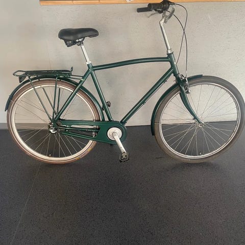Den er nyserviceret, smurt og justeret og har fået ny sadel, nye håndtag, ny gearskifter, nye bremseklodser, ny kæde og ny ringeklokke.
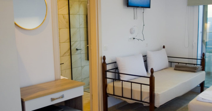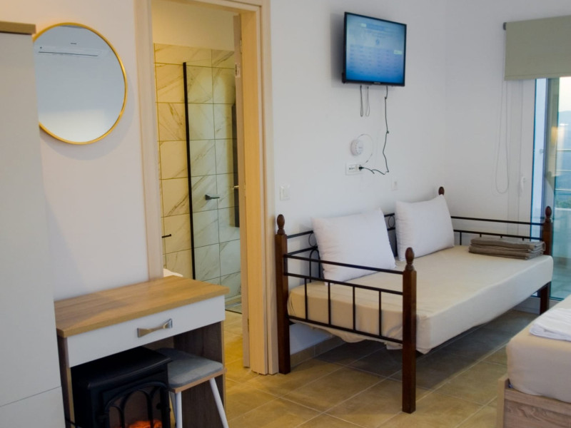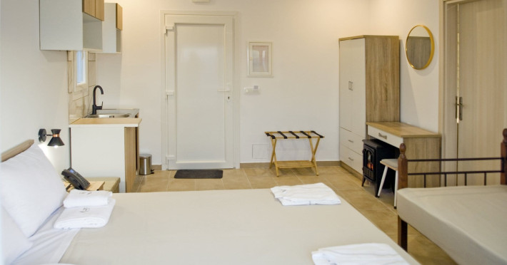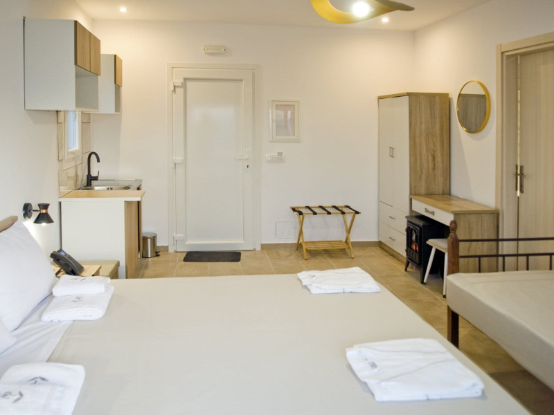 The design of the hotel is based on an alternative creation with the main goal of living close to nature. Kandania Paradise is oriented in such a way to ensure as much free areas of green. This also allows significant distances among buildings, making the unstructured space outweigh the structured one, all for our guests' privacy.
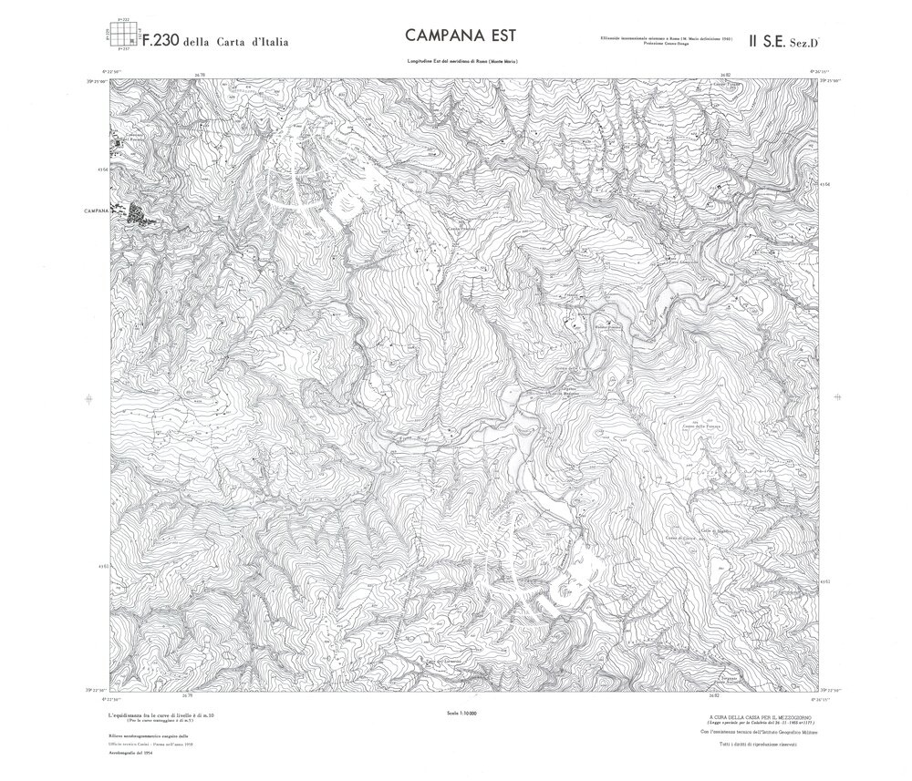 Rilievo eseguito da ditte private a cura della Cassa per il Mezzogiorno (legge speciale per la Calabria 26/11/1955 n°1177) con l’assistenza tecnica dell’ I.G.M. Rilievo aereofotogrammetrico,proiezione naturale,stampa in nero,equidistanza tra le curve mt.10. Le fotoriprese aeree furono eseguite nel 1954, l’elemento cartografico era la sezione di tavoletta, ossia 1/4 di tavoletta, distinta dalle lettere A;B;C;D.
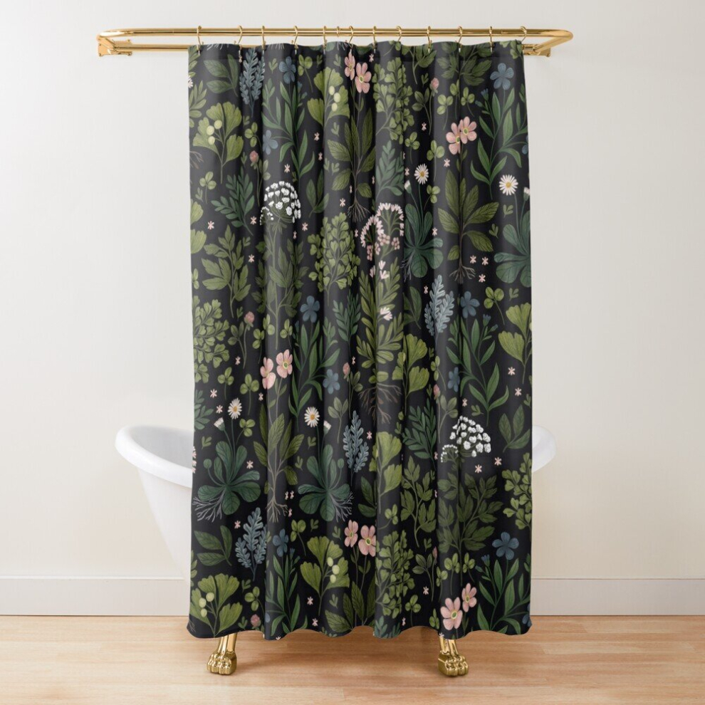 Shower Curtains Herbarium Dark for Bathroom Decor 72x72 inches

---

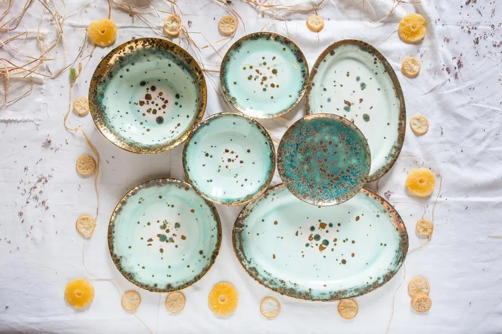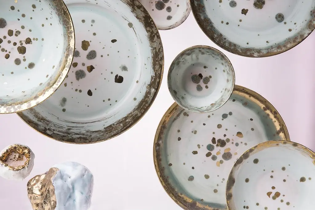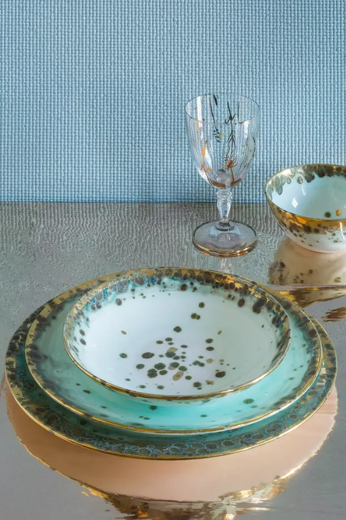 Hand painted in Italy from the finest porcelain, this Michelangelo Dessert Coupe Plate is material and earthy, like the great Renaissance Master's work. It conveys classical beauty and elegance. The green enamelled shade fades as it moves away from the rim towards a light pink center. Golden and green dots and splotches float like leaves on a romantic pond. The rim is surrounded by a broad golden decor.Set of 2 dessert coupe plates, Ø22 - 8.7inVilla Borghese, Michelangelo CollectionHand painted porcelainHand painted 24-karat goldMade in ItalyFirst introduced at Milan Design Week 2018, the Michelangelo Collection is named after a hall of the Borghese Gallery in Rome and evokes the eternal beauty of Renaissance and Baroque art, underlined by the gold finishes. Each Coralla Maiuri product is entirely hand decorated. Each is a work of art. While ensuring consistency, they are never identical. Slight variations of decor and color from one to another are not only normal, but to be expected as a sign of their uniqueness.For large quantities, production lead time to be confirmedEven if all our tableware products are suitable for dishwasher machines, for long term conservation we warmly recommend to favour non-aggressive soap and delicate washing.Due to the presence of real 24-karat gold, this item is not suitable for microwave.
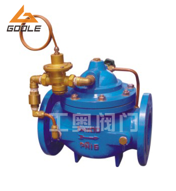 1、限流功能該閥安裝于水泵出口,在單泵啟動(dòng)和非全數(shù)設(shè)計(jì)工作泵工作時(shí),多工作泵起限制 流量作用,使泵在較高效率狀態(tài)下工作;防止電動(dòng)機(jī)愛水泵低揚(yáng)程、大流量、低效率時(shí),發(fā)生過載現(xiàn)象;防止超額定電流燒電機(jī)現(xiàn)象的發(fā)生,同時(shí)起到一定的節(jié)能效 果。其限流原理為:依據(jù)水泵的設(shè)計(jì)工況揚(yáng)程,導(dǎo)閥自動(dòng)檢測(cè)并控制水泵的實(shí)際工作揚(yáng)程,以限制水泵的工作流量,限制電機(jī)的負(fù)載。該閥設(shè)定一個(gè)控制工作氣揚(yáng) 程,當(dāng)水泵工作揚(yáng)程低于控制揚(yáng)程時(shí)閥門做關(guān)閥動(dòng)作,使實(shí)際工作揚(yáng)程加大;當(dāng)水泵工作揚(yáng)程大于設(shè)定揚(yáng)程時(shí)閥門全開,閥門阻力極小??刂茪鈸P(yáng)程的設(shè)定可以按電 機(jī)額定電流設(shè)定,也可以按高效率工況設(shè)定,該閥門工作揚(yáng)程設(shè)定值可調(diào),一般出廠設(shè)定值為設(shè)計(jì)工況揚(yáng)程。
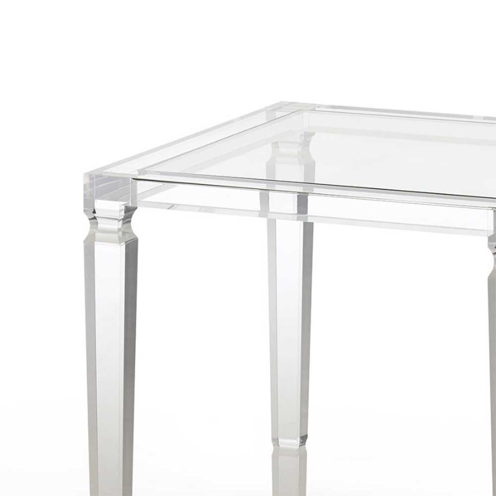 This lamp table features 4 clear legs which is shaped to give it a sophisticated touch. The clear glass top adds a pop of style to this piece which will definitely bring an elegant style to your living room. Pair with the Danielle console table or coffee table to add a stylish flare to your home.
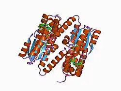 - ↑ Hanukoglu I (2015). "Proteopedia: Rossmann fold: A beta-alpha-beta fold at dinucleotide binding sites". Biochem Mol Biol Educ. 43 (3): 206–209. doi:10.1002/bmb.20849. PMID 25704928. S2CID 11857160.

==

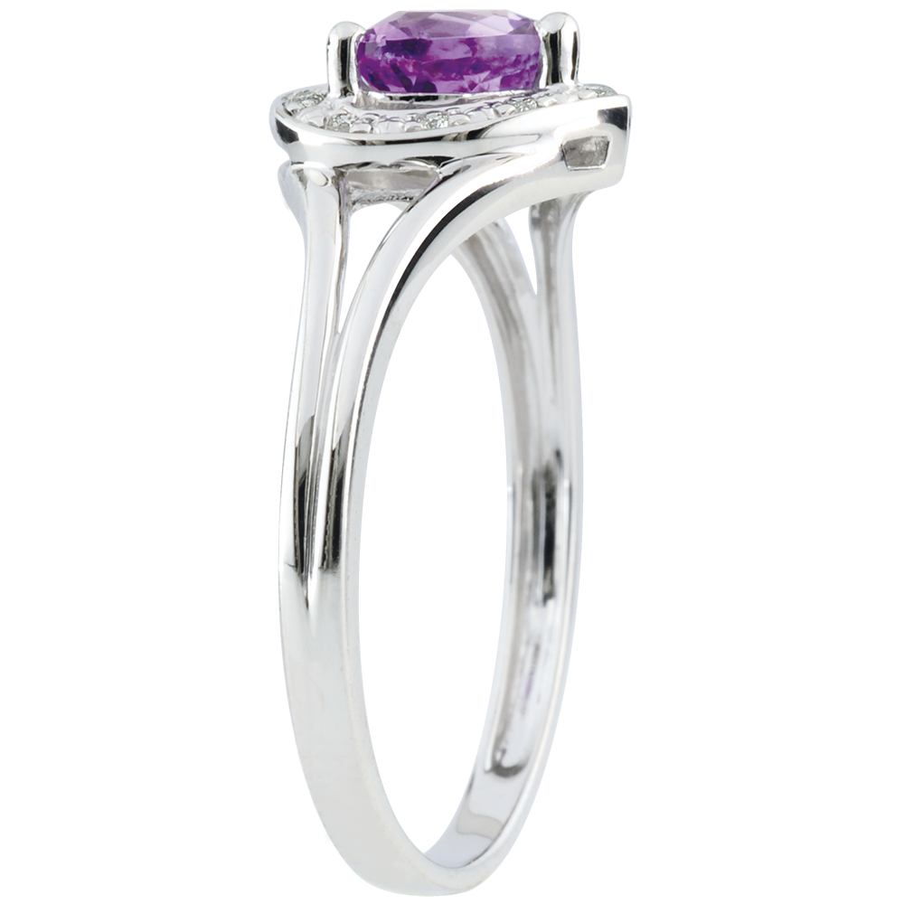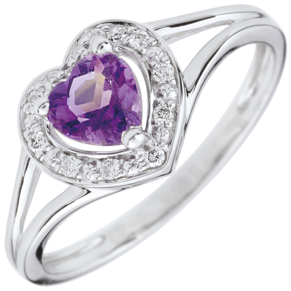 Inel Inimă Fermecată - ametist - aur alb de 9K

• [ACTION ITEM] Give back, exactly and without pictures, the stretch of the records above from the line containing "Rilievo eseguito da" through the line containing "Shower Curtains Herbarium", with both end lines included.

• [YOUR RESPONSE]
 Rilievo eseguito da ditte private a cura della Cassa per il Mezzogiorno (legge speciale per la Calabria 26/11/1955 n°1177) con l’assistenza tecnica dell’ I.G.M. Rilievo aereofotogrammetrico,proiezione naturale,stampa in nero,equidistanza tra le curve mt.10. Le fotoriprese aeree furono eseguite nel 1954, l’elemento cartografico era la sezione di tavoletta, ossia 1/4 di tavoletta, distinta dalle lettere A;B;C;D.
 Shower Curtains Herbarium Dark for Bathroom Decor 72x72 inches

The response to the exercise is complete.